Task to complete:
Go to the line with "은은한 발색의 청화로 시문된 난화문과 죽문이" in the records below, then output it and each following line exactly, up to and including the line with "pant or legging.". Skip pictures and add nothing.

Entries supplied: Begin

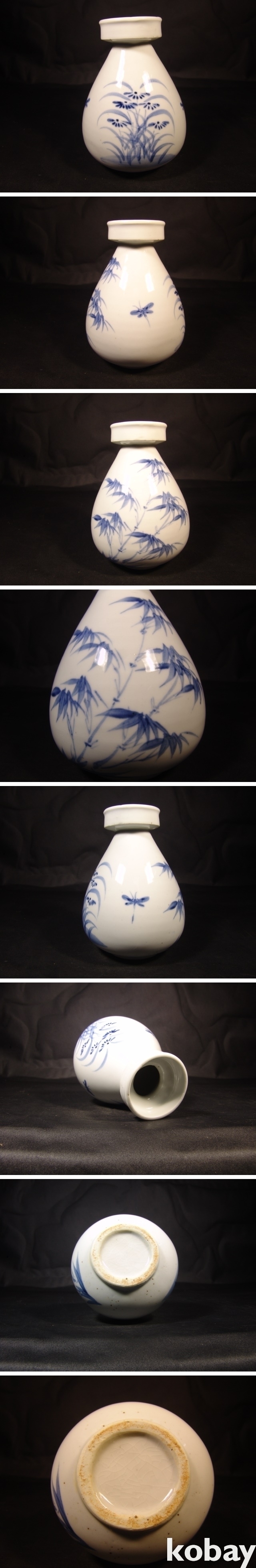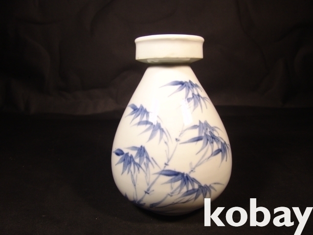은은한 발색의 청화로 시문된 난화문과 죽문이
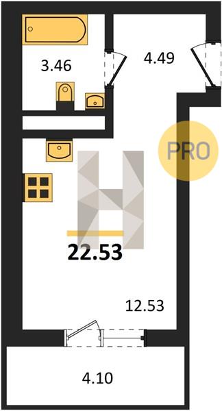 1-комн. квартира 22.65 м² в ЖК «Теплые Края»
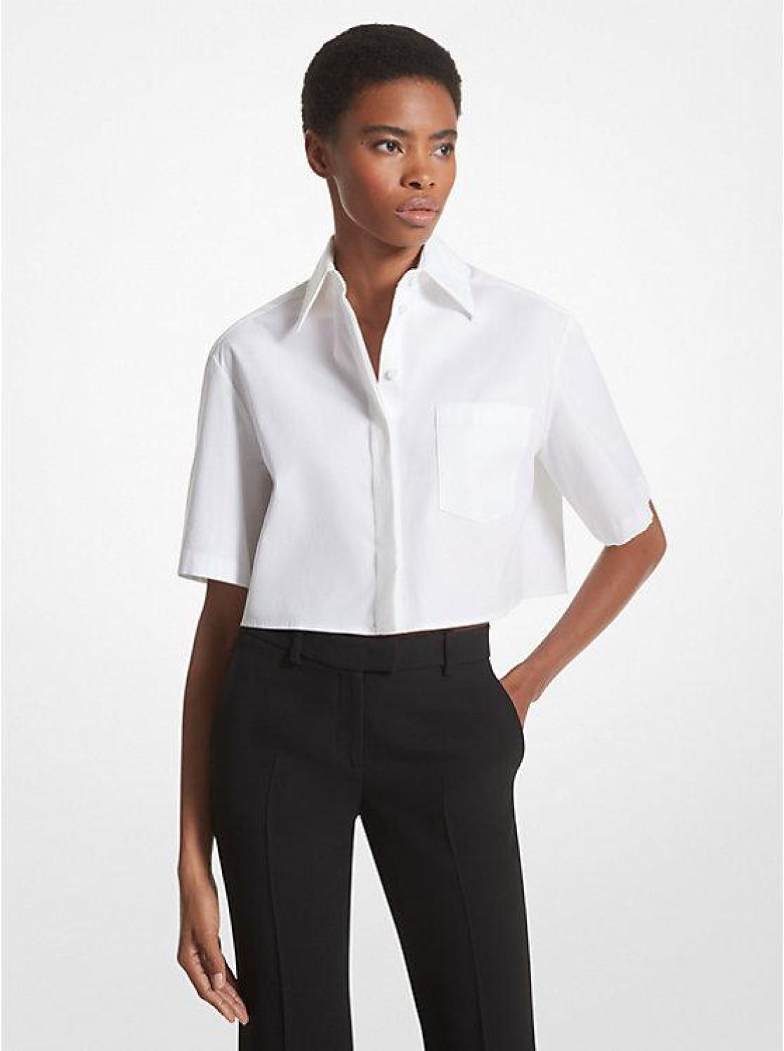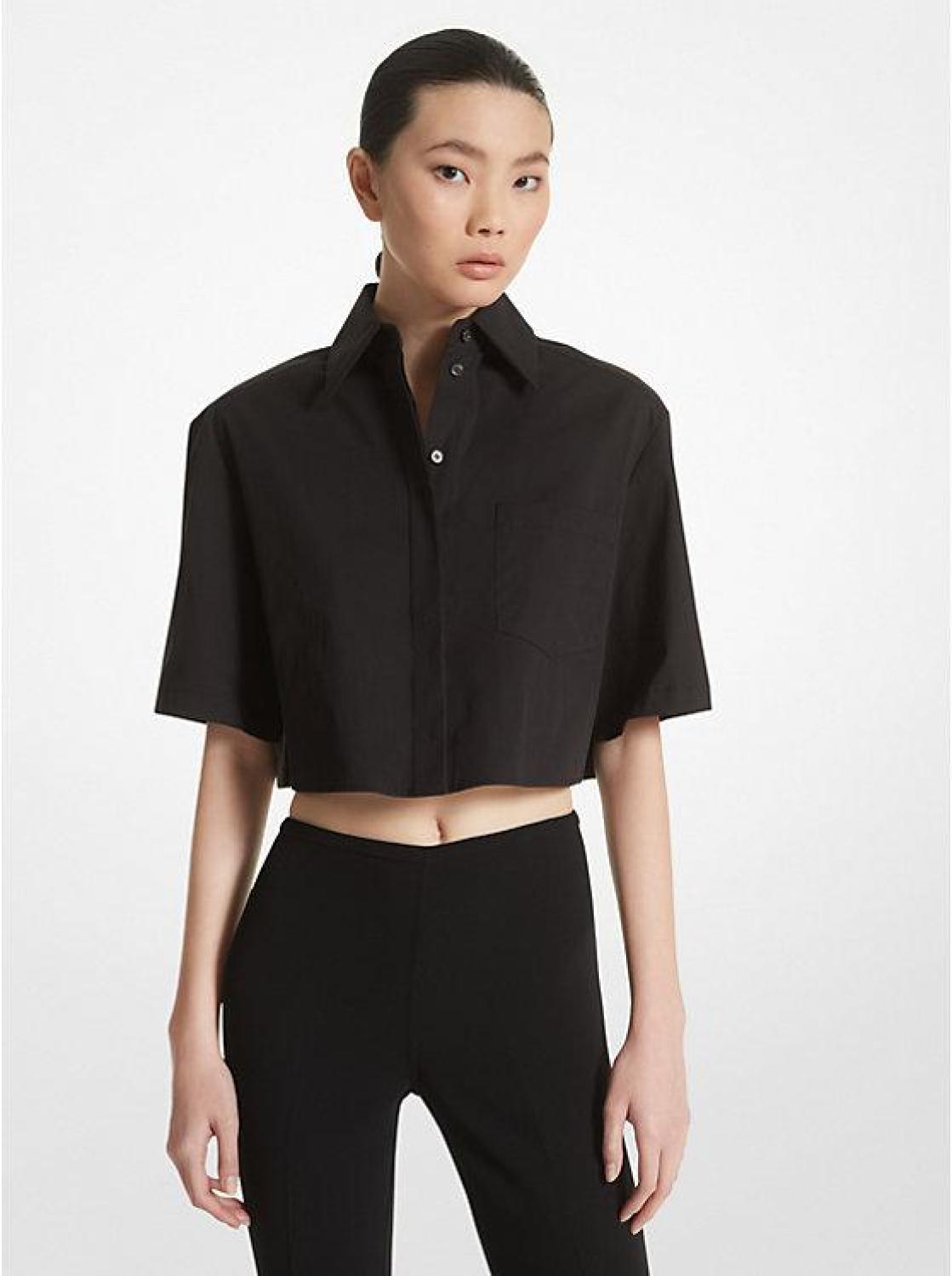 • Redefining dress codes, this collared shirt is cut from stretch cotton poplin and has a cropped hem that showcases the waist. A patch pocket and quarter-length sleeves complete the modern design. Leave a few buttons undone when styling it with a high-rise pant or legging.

Entries supplied: End
Entries supplied: Begin

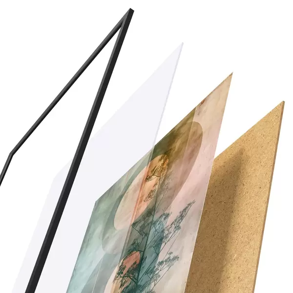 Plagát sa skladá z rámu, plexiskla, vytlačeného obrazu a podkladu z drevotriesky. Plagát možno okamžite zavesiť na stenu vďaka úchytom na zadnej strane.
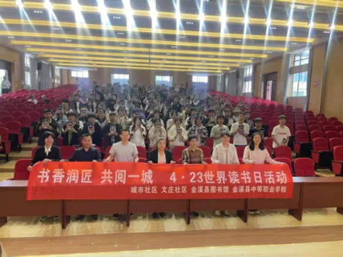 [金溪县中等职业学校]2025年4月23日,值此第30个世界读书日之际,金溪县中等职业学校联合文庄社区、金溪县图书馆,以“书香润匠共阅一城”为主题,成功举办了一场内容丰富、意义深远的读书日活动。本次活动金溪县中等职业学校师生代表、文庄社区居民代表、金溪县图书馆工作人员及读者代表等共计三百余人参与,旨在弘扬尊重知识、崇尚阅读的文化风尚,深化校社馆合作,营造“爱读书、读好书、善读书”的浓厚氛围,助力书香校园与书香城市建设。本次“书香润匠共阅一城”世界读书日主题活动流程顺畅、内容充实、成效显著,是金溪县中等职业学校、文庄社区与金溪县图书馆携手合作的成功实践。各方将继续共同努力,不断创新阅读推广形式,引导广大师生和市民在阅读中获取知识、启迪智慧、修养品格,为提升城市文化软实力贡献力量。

Entries supplied: End

Problem solution:
은은한 발색의 청화로 시문된 난화문과 죽문이
 1-комн. квартира 22.65 м² в ЖК «Теплые Края»
 • Redefining dress codes, this collared shirt is cut from stretch cotton poplin and has a cropped hem that showcases the waist. A patch pocket and quarter-length sleeves complete the modern design. Leave a few buttons undone when styling it with a high-rise pant or legging.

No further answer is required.